Unnamed: 0,year,month,day,dep_time,sched_dep_time,dep_delay,arr_time,sched_arr_time,arr_delay,carrier,flight,tailnum,origin,dest,air_time,distance,hour,minute,time_hour
0,2013,3,25,1929.0,1905,24.0,2236.0,2217,19.0,UA,1471,N37298,EWR,RSW,169.0,1068,19,5,2013-03-25 19:00:00
1,2013,4,26,956.0,1000,-4.0,1257.0,1334,-37.0,DL,1765,N717TW,JFK,SFO,337.0,2586,10,0,2013-04-26 10:00:00
2,2013,5,21,1320.0,1309,11.0,1430.0,1414,16.0,EV,4129,N11536,EWR,DCA,39.0,199,13,9,2013-05-21 13:00:00
3,2013,7,18,1222.0,1230,-8.0,1357.0,1419,-22.0,EV,5796,N13958,EWR,CLT,77.0,529,12,30,2013-07-18 12:00:00
4,2013,8,29,540.0,545,-5.0,921.0,921,0.0,B6,939,N535JB,JFK,BQN,198.0,1576,5,45,2013-08-29 05:00:00


We are going to learn five key pandas functions or object methods. Object methods are things the objects can perform. For example, pandas data frames know how to tell you their shape, the pandas object knows how to concatenate two data frames together. The way we tell an object we want it to do something is with the ‘dot operator’. We will refer to these object operators as functions or methods. Below are the five methods that allow you to solve the vast majority of your data manipulation challenges:

| Python pandas function | What it does |
|-------------------------|--------------|
| `query()`              | Pick observations (rows) by their values |
| `sort_values()`        | Reorder the rows based on one or more columns |
| `filter()` or `loc[]`  | Pick variables (columns) by their names |
| `rename()`             | Rename columns or index labels |
| `assign()`             | Create new variables (columns) using functions of existing variables |
| `groupby()`            | Split data into groups based on values of one or more keys |
| `agg()`                | Collapse many values down to a single summary (e.g., mean, sum, count) |

To use filtering effectively, you have to know how to select the observations that you want using the comparison operators. Python provides the standard suite: `>`, `>=`, `<`, `<=`, `!=` (not equal), and `==` (equal).

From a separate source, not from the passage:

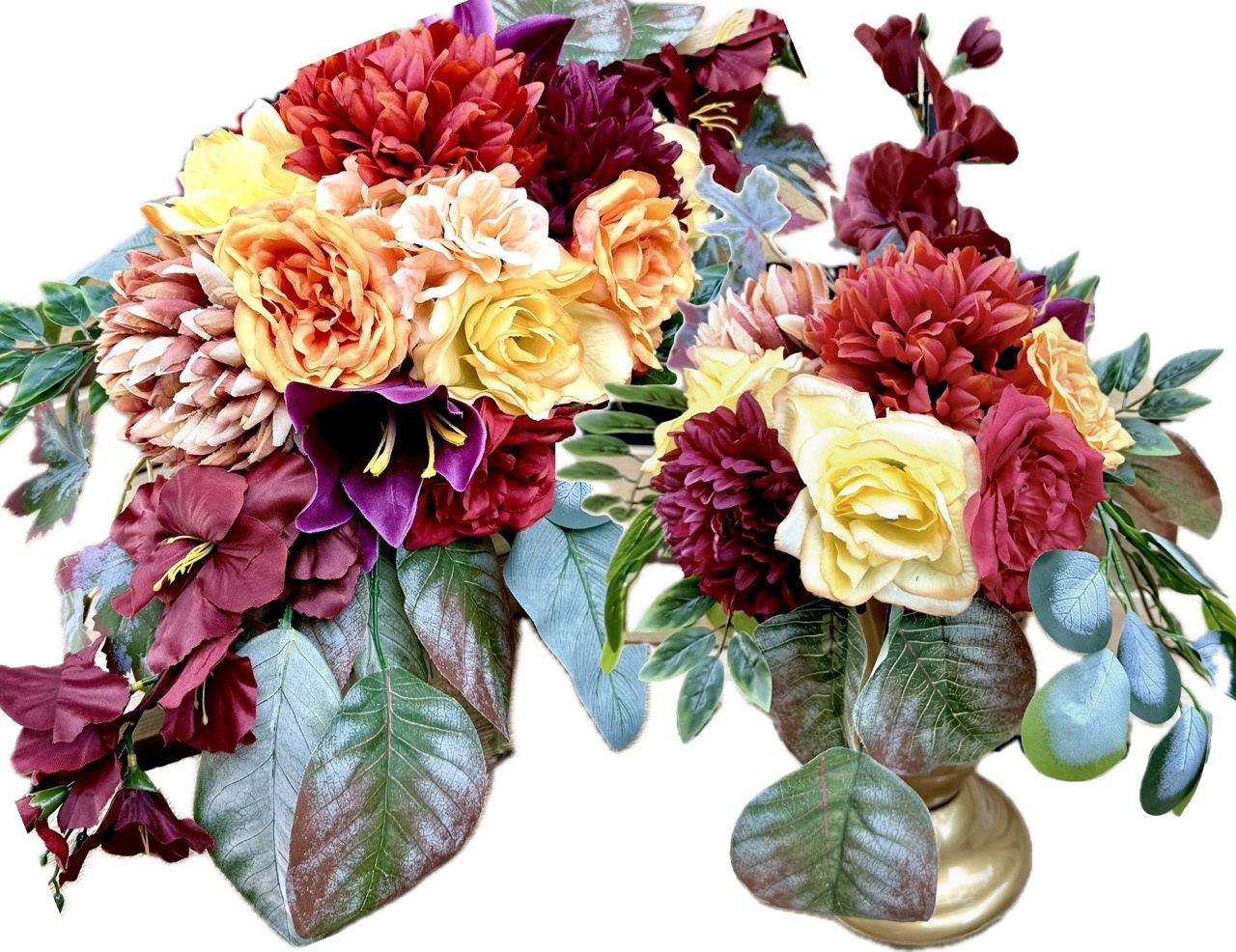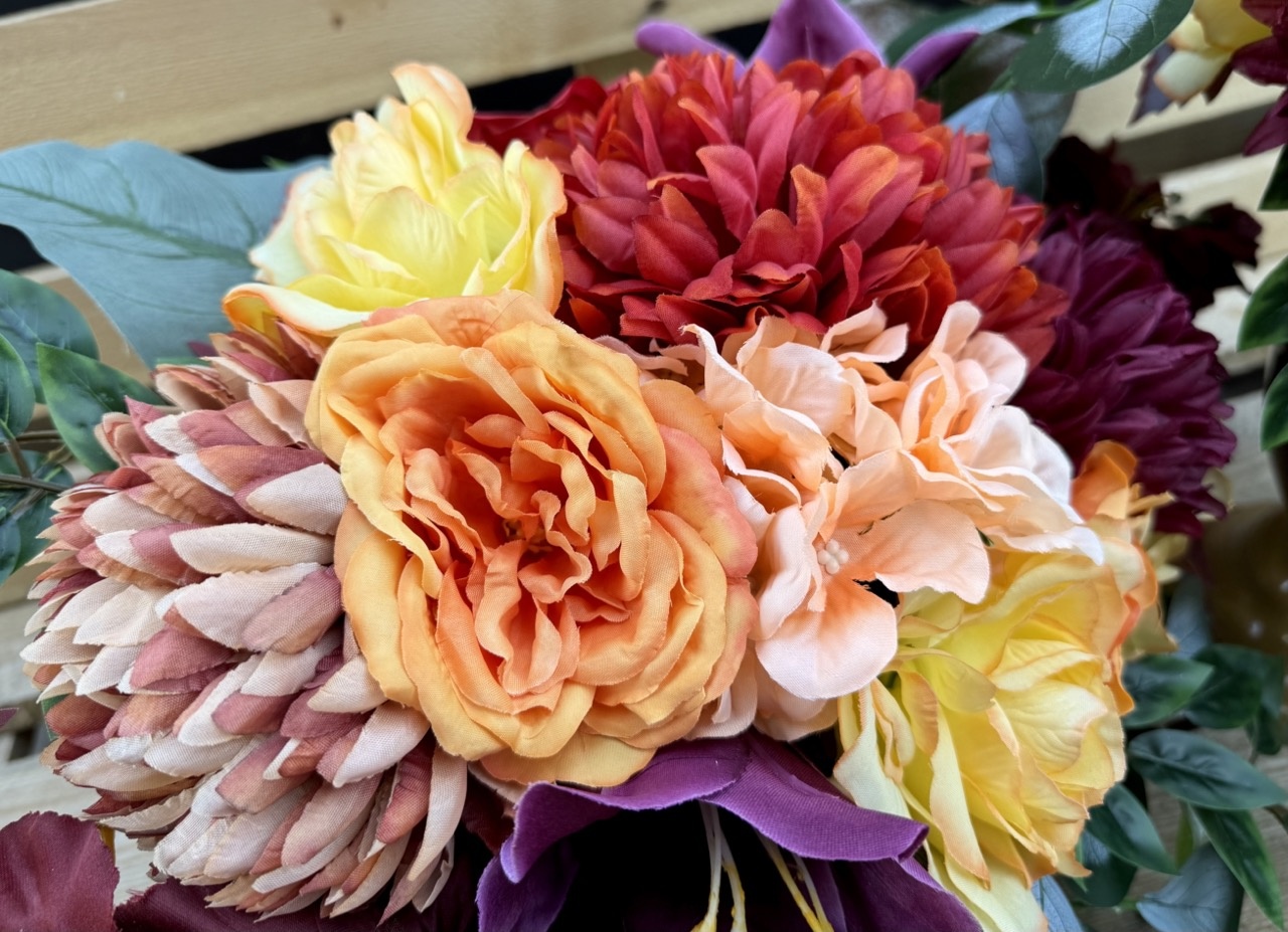 - zestaw kwiatów: chryzantemy, róże, hortensje, gradiole, lilie w odcieniach żółci, pomarańczy, ciemnej czerwieni,

**Filter rows with `.query()`**

`.query()` allows you to subset observations based on their values. The function takes 2 arguments, the first argument specifies the rows to be selected. This argument can be label names or a boolean series. The second argument specifies the columns to be selected. For example we can select all fligths for August 16th:

In [2]:
flights.query('month == 8 & day == 16')
flights[(flights.month == 1) & (flights.day == 16)]

Unnamed: 0,year,month,day,dep_time,sched_dep_time,dep_delay,arr_time,sched_arr_time,arr_delay,carrier,flight,tailnum,origin,dest,air_time,distance,hour,minute,time_hour
445,2013,1,16,1444.0,1320,84.0,1648.0,1508,100.0,EV,4628,N11192,EWR,STL,163.0,872,13,20,2013-01-16 13:00:00
1057,2013,1,16,954.0,957,-3.0,1219.0,1125,54.0,EV,4094,N14562,EWR,BNA,154.0,748,9,57,2013-01-16 09:00:00
1159,2013,1,16,1526.0,1530,-4.0,1642.0,1642,0.0,EV,3267,N11184,EWR,ORF,54.0,284,15,30,2013-01-16 15:00:00
1179,2013,1,16,1459.0,1436,23.0,1620.0,1543,37.0,EV,4372,N16183,EWR,DCA,58.0,199,14,36,2013-01-16 14:00:00
1306,2013,1,16,830.0,755,35.0,1049.0,930,79.0,WN,3935,N444WN,LGA,MDW,143.0,725,7,55,2013-01-16 07:00:00
...,...,...,...,...,...,...,...,...,...,...,...,...,...,...,...,...,...,...,...
200430,2013,1,16,1450.0,1450,0.0,1649.0,1645,4.0,EV,4381,N13956,EWR,DTW,100.0,488,14,50,2013-01-16 14:00:00
200520,2013,1,16,918.0,900,18.0,1237.0,1133,64.0,UA,1643,N48127,EWR,DEN,244.0,1605,9,0,2013-01-16 09:00:00
200926,2013,1,16,1004.0,855,69.0,1235.0,1101,94.0,EV,4185,N17138,EWR,DTW,99.0,488,8,55,2013-01-16 08:00:00
201754,2013,1,16,1347.0,1345,2.0,1701.0,1703,-2.0,UA,1164,N53442,EWR,FLL,162.0,1065,13,45,2013-01-16 13:00:00


Multiple arguments to `.query()` are combined with `“and”`: every expression must be true in order for a row to be included in the output. For some operations you may need other Boolean operations - `&` is “and”, `|` is “or”, and `!` is “not”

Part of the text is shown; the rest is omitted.